[Items from a dataset]
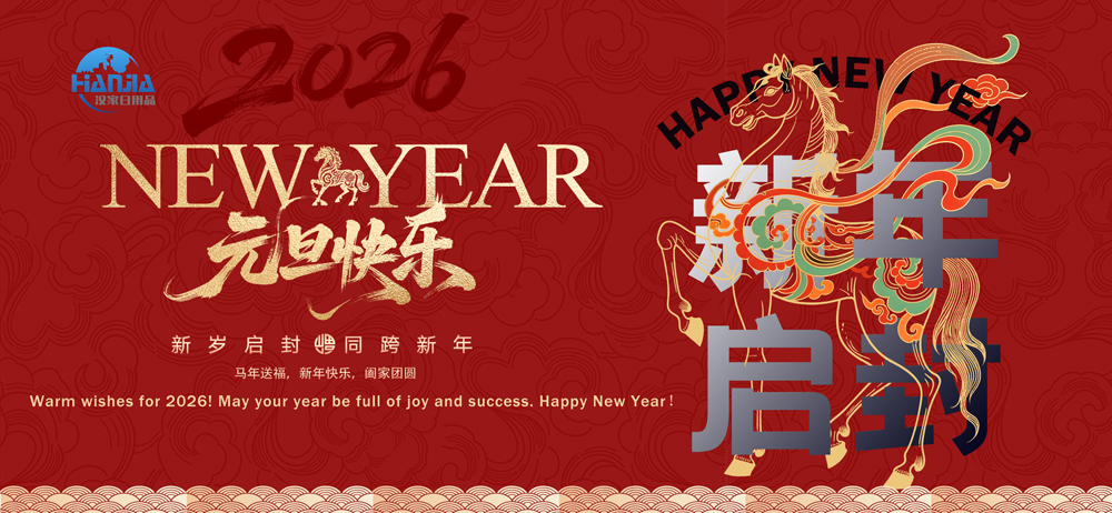 2026 жылдың 1 қаңтары Қытайдың дәстүрлі Жаңа жыл мерекесін атап өтеді. Жыл сайын осы уақытта біз жаңа жылға сәттілік әкелеміз және бұрынғыдан жақсы нәтижелерге қол жеткіземіз деп үміттеніп, жетістіктеріміз бен кемшіліктеріміз туралы ойлану мүмкіндігін пайдаланамыз. 2025 жыл аяқталды және Jinhua Hanjia Commodity Co., Ltdurny компаниялары өткен жылға ұқсайды. Өндіріс және импорт-экспорт саудасымен айналысатын біздікілер жаһандық экономикалық жағдайдың әсерінен күрделі жылды бастан өткерді.
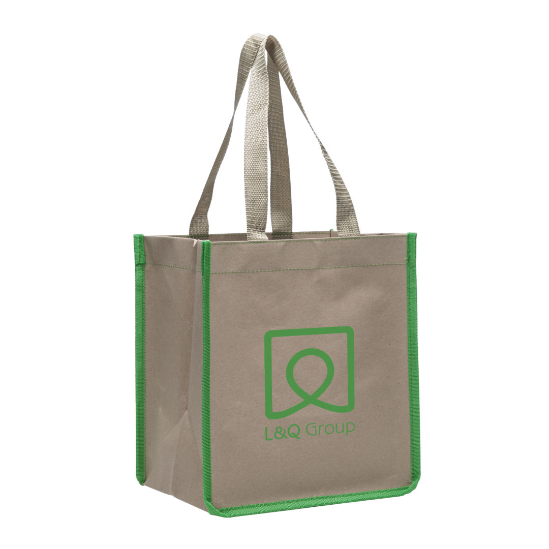 The Bramley Kraft tote bag is the perfect carryall tote bag for groceries, shopping, or running errands. Made from durable kraft paper laminated with an 80G non-woven fabric for maximum durability and longevity.
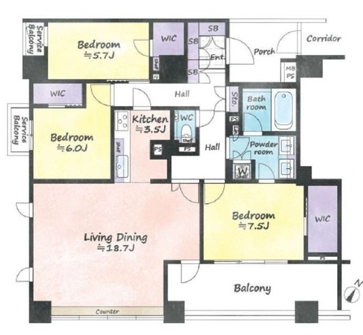 | 間取り | 3LDK+WIC | 専有面積 | 101.72m2 |
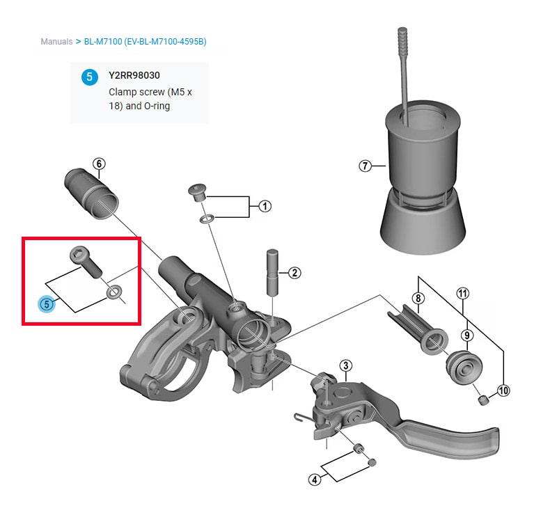 SHIMANO SMALL ( シマノ ) リペアパーツ BL-M8100 / M7100 取り付けボルト & Oリング ボルト呼び寸法: M5X18
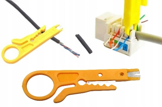 Ściągacz izolacji do kabli typu skrętka, koncentrycznych itd. o różnej grubości. Proste, małe i tanie urządzenie, które niesamowicie ułatwia prace. Wystarczy ściągacz założyć na kabel i wykonać obrót 360 stopni. Narzędzie wykonane z wysokiej jakości plastiku i noża z hartowanej stali. Jego metalowy Dziubek ma zastosowanie do gniazdek, gniazd typu keystone i patch paneli.

### What needs to be done
Quote the lines above exactly, starting with the one that has "専有面積 | 101.72m2 |" and ending with the one that has "SHIMANO SMALL ( シマノ"; drop the pictures and include nothing else.

### Your solution
 | 間取り | 3LDK+WIC | 専有面積 | 101.72m2 |
 SHIMANO SMALL ( シマノ ) リペアパーツ BL-M8100 / M7100 取り付けボルト & Oリング ボルト呼び寸法: M5X18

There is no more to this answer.